Je vous livre quelques passages qui vous éclaireront, je pense, sur les choix de nos décideurs pour les années à venir !
                                                                   
- Les pour:
 
«  Important, ce débat l’est aussi pour notre pays, pour son rayonnement et sa capacité à garder un rôle moteur en Europe. Ce débat parlementaire fait suite à l’audit (1) commandé par le Gouvernement en août dernier au Conseil des Ponts et à l’inspection des finances. »
 
«  D’autres rapports sont venus tempérer la vision purement comptable de l’audit … »
 
«  Enfin il y a moins d’un mois, la DATAR a publié son étude (2) prospective – La France en Europe, quelle ambition pour la politique des transports ? -«
 
«  Première question sur laquelle le Gouvernement sollicite votre opinion, avons-nous besoin de développer encore nos infrastructures de transport ? »
 
«  Le trafic routier, voyageurs et marchandises, devrait augmenter entre 40% et 60%, dans un contexte multimodal beaucoup plus affirmé. A l’inverse, dans l’hypothèse d’un prolongement des tendances, un doublement du trafic est envisageable. »
 
«  L’étude de la DATAR le confirme. Si rien n’est fait, cette congestion pourrait devenir insupportable dans les vingt prochaines années. »
 
« Notre pays a construit le plus grand linéaire d’autoroutes entre 1970 et 1999. La France est désormais au  sixième rang européen pour la densité autoroutière rapportée à la surface et au quatrième rang pour la densité autoroutière rapportée à la population. »
 
« Mais si nous savons relever le défi européen en retrouvant un rythme élevé de constructions d’infrastructures, nous avons tout à espérer d’une Europe élargie. »
 
 «  La route achemine près de 90% des transports intérieurs de voyageurs et 75% de ceux des marchandises »
 
«  Des délais de réalisation à réduire, Il nous faut éliminer les procédures inutiles. Je vous annonce la suppression de l’IMEC, sigle barbare que tout élu s’est vu opposer pour justifier un allongement de délais »
 
«  Il y a aussi des progrès a faire en ce qui concerne le débat public. Oui à l’expression organisée et maîtrisée de points de vue différents. Non à des procédures dilatoires qui saperaient toute notion d’intérêt général. La loi qui autorise le Gouvernement à prendre par ordonnances des mesures de simplification administrative sera bien utile. »
 
«  En conclusion, la politique des transports requiert toujours une volonté et une prise de risque.
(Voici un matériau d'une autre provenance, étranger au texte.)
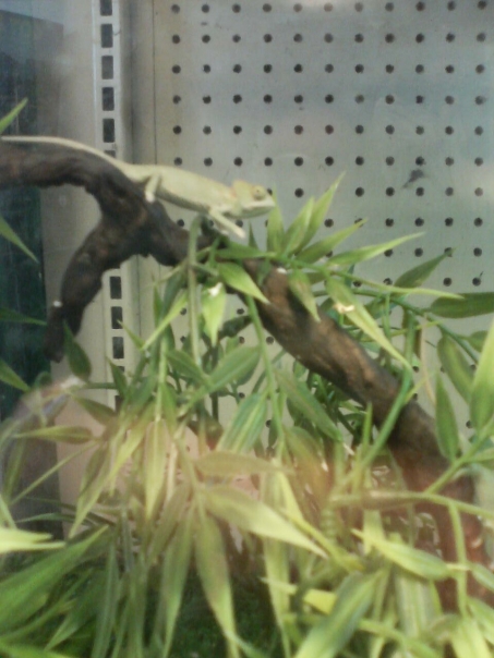 A green lizard in a pointy leaved tree is looking for something to eat.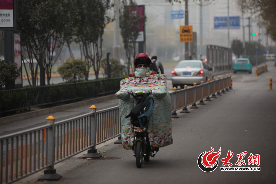 11月10日,濟(jì)南濼源大街,市民在霧霾中騎行。當(dāng)日,濟(jì)南迎來(lái)大霧天氣,整座城市被霧霾籠罩,空氣相對(duì)濕度大于90%,能見(jiàn)度較低;不止是濟(jì)南,今天山東全省都遭遇了霧霾天氣。大眾網(wǎng)記者 王長(zhǎng)坤 攝

Nos choix influeront directement sur la vie des générations du XXI siècle. »
 
«  Le Gouvernement est résolu à écrire une nouvelle page dans la longue histoire de l’équipement de notre pays. »
 
«  Enfin, l’instauration de péages urbains à la périphérie des grandes villes ne doit pas être systématiquement écartée, étant donné le coût très élevé des infrastructures dans ces zones. »
 
«  Les régions bénéficiaires des programmes d’infrastructures doivent faire des efforts »
 
«  Un rapport du Sénat montre que quatorze aires urbaines de plus de cinquante mille habitants ne disposent pas de dessertes suffisantes en terme de transports rapides «
 
 «  Oui nous voulons une politique d’infrastructures ambitieuse. Nous avons les moyens et nous ne devons pas être angoissés pour l’avenir de notre pays mais confiants. »
 
 «  Il faudra aussi simplifier les procédures de réalisation des infrastructures et trouver les moyens, tout en préservant l’exigence de concertation avec les riverains, de faire aboutir les projets au nom de l’intérêt général. »
 
«  S’agissant des besoins d’infrastructures, toutes les études disponibles insistent sur la poursuite de la croissance des trafics, validant en cela les prévisions des schémas de services collectifs issus de la loi d’aménagement du territoire de 1999 : 50% de croissance du trafic routier.. »
 
«  Je considère pour ma part que des infrastructures nouvelles sont en elles-mêmes un facteur de croissance. »
 
«  S’il est indispensable d’entretenir un patrimoine trop longtemps délaissé, il n’est pas envisageable de tirer
argument de cette obligation pour différer les projets d’infrastructures nouvelles. »
 
«  Pour le reste, nous devons rechercher des sources de financement nouvelles : un grand emprunt européen garanti par l’Union, une tarification d’usage des infrastructures pour les poids lourds et l’affectation partielle du produit de la TIPP aux transports collectifs. Il faudrait aussi étudier les possibilités de – péage de congestion – et décentraliser le stationnement. La décentralisation devrait enfin donner aux régions un rôle plus important dans l’évaluation des besoins et la hiérarchisation des projets. Leur reconnaître des compétences nouvelles s’agissant des grandes infrastructures éviteront l’éparpillement des installations ou les redondances. »
 
 «  Autre sujet qui mérite d’être approfondi : la distinction entre le financement des infrastructures et leur utilisation. S’agissant des processus de décision, il est impératif de raccourcir les délais entre la conception d’un projet et sa réalisation. »
 
«  Il faut encore prévoir, n’en déplaise à certains idéologues, des autoroutes et des routes. »
 
«  A la lecture des rapports d’audit, j’étais pessimiste, mais après vous avoir écouté définir votre stratégie volontariste, Monsieur le Ministre, je suis optimiste. »
 
«  Il faut donc une politique volontariste, ambitieuse, mais réaliste. Il nous faut choisir les infrastructures à réaliser d’ici 2020, proposer les mesures permettant de les financer. Voilà pourquoi, comme d’autres, je vous demande une loi de programmation. »
 
«  Le transport routier restera bien sûr le premier mode de transport. »
 
«  Nous avons un besoin impératif d’infrastructures routières de qualité. »
 
«  Il est nécessaire qu l’Etat consacre aux infrastructures de transport des moyens importants. Un grand emprunt européen, l’appel à l’épargne, des droits de péage sur les marchandises sont possibles. »
 
«  Une autre carte de France doit se dessiner. »
 
- Les contres:

«  Il faut en finir avec la priorité donnée à la route : le réseau routier a été multiplié par huit en trente ans alors que le réseau ferré régressait de 20%. La route absorbe 70% des investissements quand le rail n’en consomme que 25%. »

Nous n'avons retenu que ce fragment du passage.